MAE Seminar: Coordination of Large Collections of Dynamical Systems with Constraint Satisfaction Guarantees

TBA
Necmiye Ozay, Ph.D.

Associate Professor of Electrical Engineering and Computer Science
University of Michigan

Zoom Link: https://uci.zoom.us/j/98588387896?pwd=TVhKQTVycEFkNHNIV0M2Mk1JYWJQdz09

Abstract: Can we control a swarm of systems and give guarantees on their collective behavior? In this talk, I will discuss an instance of this problem: given a large, almost homogeneous collection of dynamical systems and a novel class of safety constraints, called counting constraints, how to synthesize a controller that guarantees the satisfaction of these constraints. Counting constraints imposes restrictions on the number of systems that are in a particular mode or in a given region of the state-space over time. I will present an approach for synthesizing correct-by-construction controllers to enforce such constraints. Our approach exploits the structure of the problem, the permutation invariance of dynamics due to homogeneity and the permutation invariance of counting constraints, to achieve massive scalability. I will discuss several potential applications of this approach and illustrate it on the problem of coordinating a large collection of thermostatically controlled loads while ensuring a bound on the number of loads that are extracting power from the electricity grid at any given time.

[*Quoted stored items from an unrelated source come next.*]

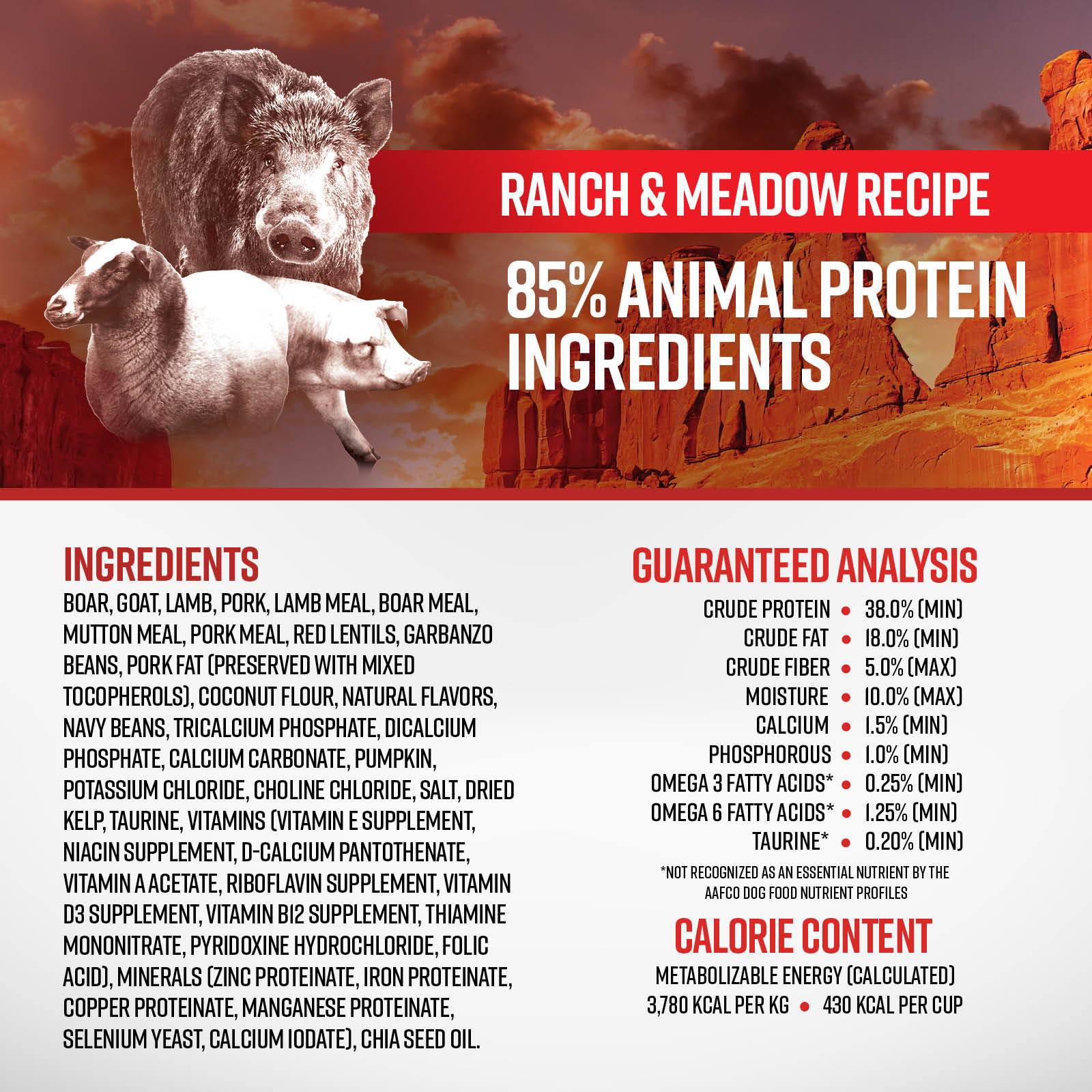 Ingredients on your pet’s food label are listed by quantity – in other words, the ones that appear first are the predominant ingredients in that food. The dog food you’re considering should have a meat protein listed as the first ingredient as opposed to a grain or vegetable. If the second ingredient is a protein or protein meal as well, that’s even better! An example of a company that exceeds this standard is Essence Pet Foods, in which the first five ingredients are a protein or a protein meal (see image at right).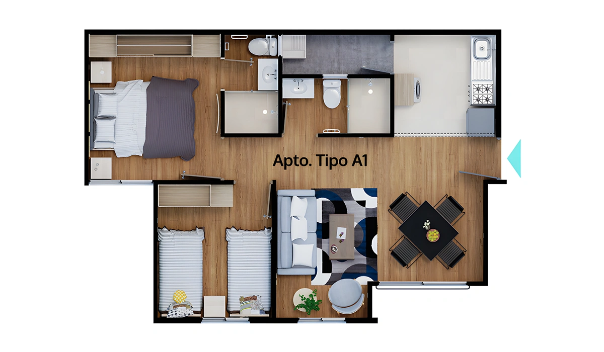 Nota legal: *Las imágenes contenidas en este material son una representación artística del ilustrador, por lo tanto los detalles de diseño, color y especificaciones de materiales están sujetos a modificaciones durante el proceso de construcción. **Los elementos de decoración, dotación, mobiliario y diseño en las imágenes publicadas, así como los planos, vídeos, representaciones 3D, renders y demás piezas publicitarias son una simple representación artística, por lo que su apreciación y construcción final están sujetos a modificaciones sin previo aviso y no constituyen una oferta de entrega de todos los elementos por parte del constructor.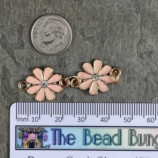 Enamel Floral Connector Pink Flower Links ~ Pale Peachy Pink and Gold 15x22mm Pink Daisy Connector (1512-9547) * Set of 2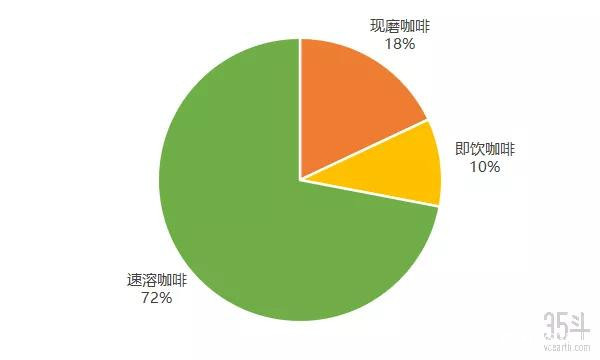 以現磨、即飲、速溶三大咖啡品類為研究基礎,通過數據整理,可以清楚地瞭解,中國咖啡在細分市場下,速溶咖啡佔據了大比例份額。對於還在發展中的市場而言,72%的佔比是情有可原的:用户培養階段,速溶咖啡方便、快捷、高性價比的優勢更容易切入到中國大眾消費者的用户需求。而屬於線下市場的現磨咖啡佔比18%,儘管乍看空間相對狹窄,但對接高端市場的精品現磨咖啡的市場爭戰從未止戈。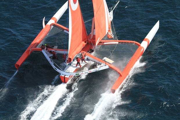 The 60 foot trimaran took air from the start, pushing ahead of other competitors and disappearing into the horizon before many of them had rounded North Head.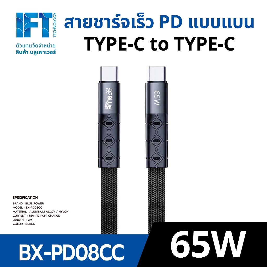สายชาร์จด่วน รองรับการจ่ายไฟแบบ PD สูงสุด 65w (แบบ C to C)
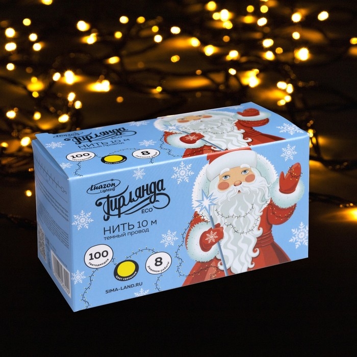 Гирлянда «Нить» 10 м, IP20, тёмная нить, 100 LED, свечение жёлтое, 8 режимов, 220 В

Bio: Necmiye Ozay received her B.S. from Bogazici University, Istanbul, in 2004, her M.S. from the Pennsylvania State University in 2006 and her Ph.D. from Northeastern University in 2010, all in electrical engineering. She was a postdoctoral scholar at California Institute of Technology between 2010 and 2013. She joined the University of Michigan in 2013, where she is currently an associate professor of electrical engineering and computer science. Ozay’s research interests include hybrid dynamical systems, control, optimization and formal methods with applications in cyber-physical systems, system identification, verification and validation, autonomy, and dynamic data analysis. Her papers received several awards including a Nonlinear Analysis: Hybrid Systems Prize Paper Award for years 2014-2016. She has received the 1938E Award and a Henry Russel Award from the University of Michigan.